### TASK DESCRIPTION
Output every line of the material exactly, omitting images.

### THE DATA
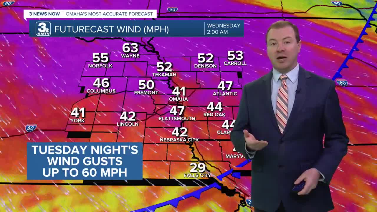 A high wind warning is in effect for Tuesday night around Omaha, where the wind gust potential will be around 50-60mph north of Omaha, and 45-55mph south of Omaha. Isolated power outages are possible overnight due to the wind. Also, make sure to secure you holiday decorations.
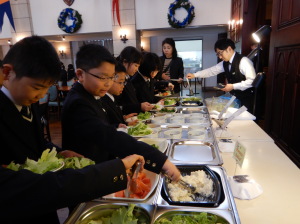 自分の食べられる量だけ取ることや、食器を片付ける時に英語でお礼を言うなど、マナーを守って食べることができました。
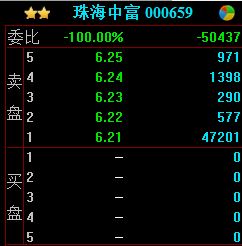 (2)跌停板委比為-100%,委托盤(pán)全是賣(mài)盤(pán)。以2017年1月12日跌停的珠海中富為例:買(mǎi)盤(pán)沒(méi)有委買(mǎi)量,而賣(mài)盤(pán)有委賣(mài)量。賣(mài)一的數(shù)量比較高,這樣的股票,明天低開(kāi)的可能性非常大,甚至是直接一字跌停。

### RESULT OF THIS EXERCISE
 A high wind warning is in effect for Tuesday night around Omaha, where the wind gust potential will be around 50-60mph north of Omaha, and 45-55mph south of Omaha. Isolated power outages are possible overnight due to the wind. Also, make sure to secure you holiday decorations.
 自分の食べられる量だけ取ることや、食器を片付ける時に英語でお礼を言うなど、マナーを守って食べることができました。
 (2)跌停板委比為-100%,委托盤(pán)全是賣(mài)盤(pán)。以2017年1月12日跌停的珠海中富為例:買(mǎi)盤(pán)沒(méi)有委買(mǎi)量,而賣(mài)盤(pán)有委賣(mài)量。賣(mài)一的數(shù)量比較高,這樣的股票,明天低開(kāi)的可能性非常大,甚至是直接一字跌停。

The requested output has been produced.